→ THE PROBLEM:
Your answer must be an exact copy of the entries, containing no images.

Stored dataset items:
[Start of section]

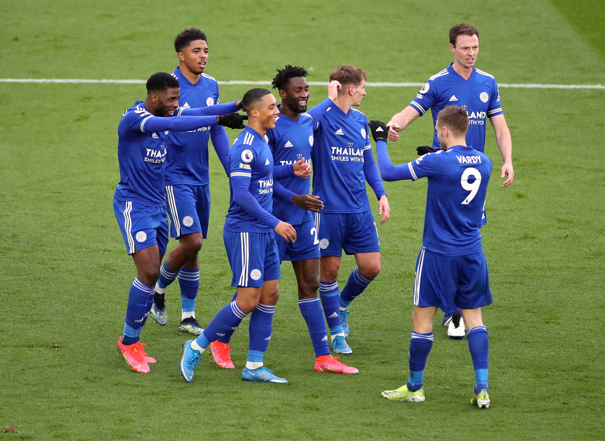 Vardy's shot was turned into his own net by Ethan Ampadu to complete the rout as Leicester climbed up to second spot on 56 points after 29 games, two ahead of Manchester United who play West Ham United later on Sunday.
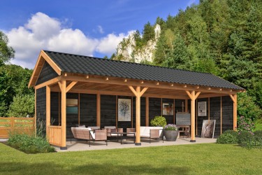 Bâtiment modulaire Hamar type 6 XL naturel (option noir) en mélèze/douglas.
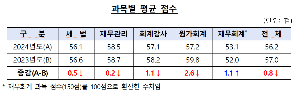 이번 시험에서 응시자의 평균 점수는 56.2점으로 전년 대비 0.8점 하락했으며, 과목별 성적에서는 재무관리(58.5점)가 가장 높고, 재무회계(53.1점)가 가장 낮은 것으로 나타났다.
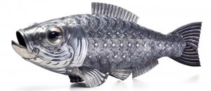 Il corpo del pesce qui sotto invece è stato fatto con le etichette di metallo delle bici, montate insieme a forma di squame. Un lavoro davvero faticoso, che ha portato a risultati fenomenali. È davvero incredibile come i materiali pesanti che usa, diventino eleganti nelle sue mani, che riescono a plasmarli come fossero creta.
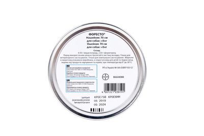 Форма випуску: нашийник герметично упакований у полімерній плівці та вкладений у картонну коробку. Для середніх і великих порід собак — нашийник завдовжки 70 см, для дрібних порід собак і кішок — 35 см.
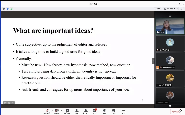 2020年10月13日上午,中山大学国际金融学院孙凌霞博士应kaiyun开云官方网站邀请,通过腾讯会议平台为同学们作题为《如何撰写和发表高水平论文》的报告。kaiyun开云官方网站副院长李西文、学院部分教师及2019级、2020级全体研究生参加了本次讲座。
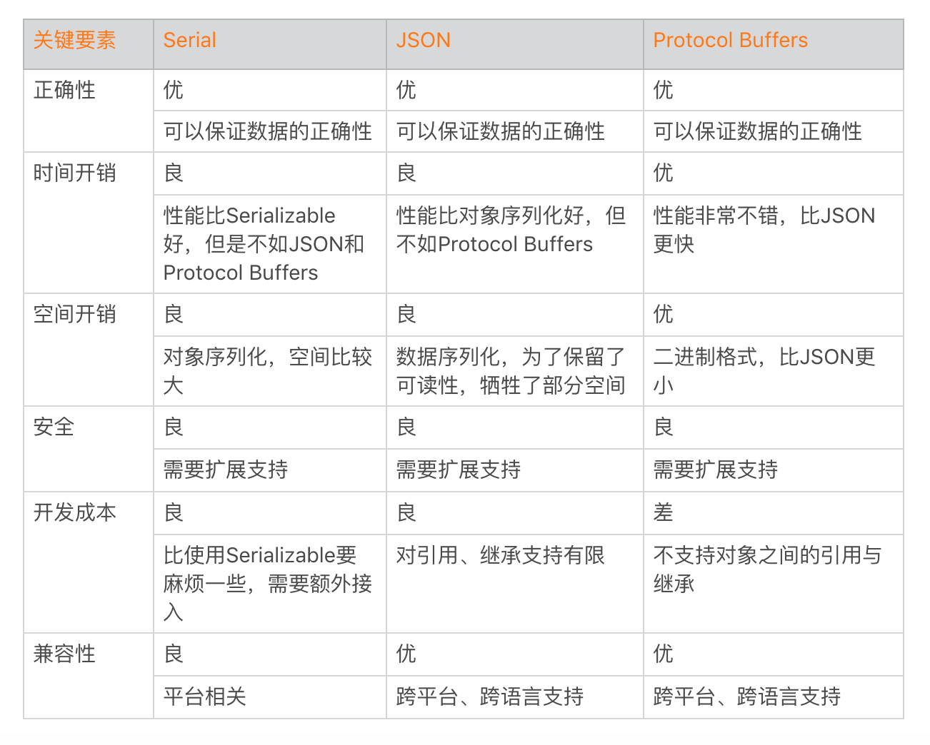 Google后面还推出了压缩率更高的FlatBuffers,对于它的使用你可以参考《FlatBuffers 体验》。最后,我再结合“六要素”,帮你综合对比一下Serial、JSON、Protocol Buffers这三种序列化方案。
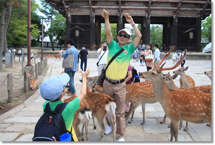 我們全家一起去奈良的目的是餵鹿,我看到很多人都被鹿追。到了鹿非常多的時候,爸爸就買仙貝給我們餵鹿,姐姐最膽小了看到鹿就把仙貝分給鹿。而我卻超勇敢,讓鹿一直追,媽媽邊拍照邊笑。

[End of section]

→ ANSWER BOX:
 Vardy's shot was turned into his own net by Ethan Ampadu to complete the rout as Leicester climbed up to second spot on 56 points after 29 games, two ahead of Manchester United who play West Ham United later on Sunday.
 Bâtiment modulaire Hamar type 6 XL naturel (option noir) en mélèze/douglas.
 이번 시험에서 응시자의 평균 점수는 56.2점으로 전년 대비 0.8점 하락했으며, 과목별 성적에서는 재무관리(58.5점)가 가장 높고, 재무회계(53.1점)가 가장 낮은 것으로 나타났다.
 Il corpo del pesce qui sotto invece è stato fatto con le etichette di metallo delle bici, montate insieme a forma di squame. Un lavoro davvero faticoso, che ha portato a risultati fenomenali. È davvero incredibile come i materiali pesanti che usa, diventino eleganti nelle sue mani, che riescono a plasmarli come fossero creta.
 Форма випуску: нашийник герметично упакований у полімерній плівці та вкладений у картонну коробку. Для середніх і великих порід собак — нашийник завдовжки 70 см, для дрібних порід собак і кішок — 35 см.
 2020年10月13日上午,中山大学国际金融学院孙凌霞博士应kaiyun开云官方网站邀请,通过腾讯会议平台为同学们作题为《如何撰写和发表高水平论文》的报告。kaiyun开云官方网站副院长李西文、学院部分教师及2019级、2020级全体研究生参加了本次讲座。
 Google后面还推出了压缩率更高的FlatBuffers,对于它的使用你可以参考《FlatBuffers 体验》。最后,我再结合“六要素”,帮你综合对比一下Serial、JSON、Protocol Buffers这三种序列化方案。
 我們全家一起去奈良的目的是餵鹿,我看到很多人都被鹿追。到了鹿非常多的時候,爸爸就買仙貝給我們餵鹿,姐姐最膽小了看到鹿就把仙貝分給鹿。而我卻超勇敢,讓鹿一直追,媽媽邊拍照邊笑。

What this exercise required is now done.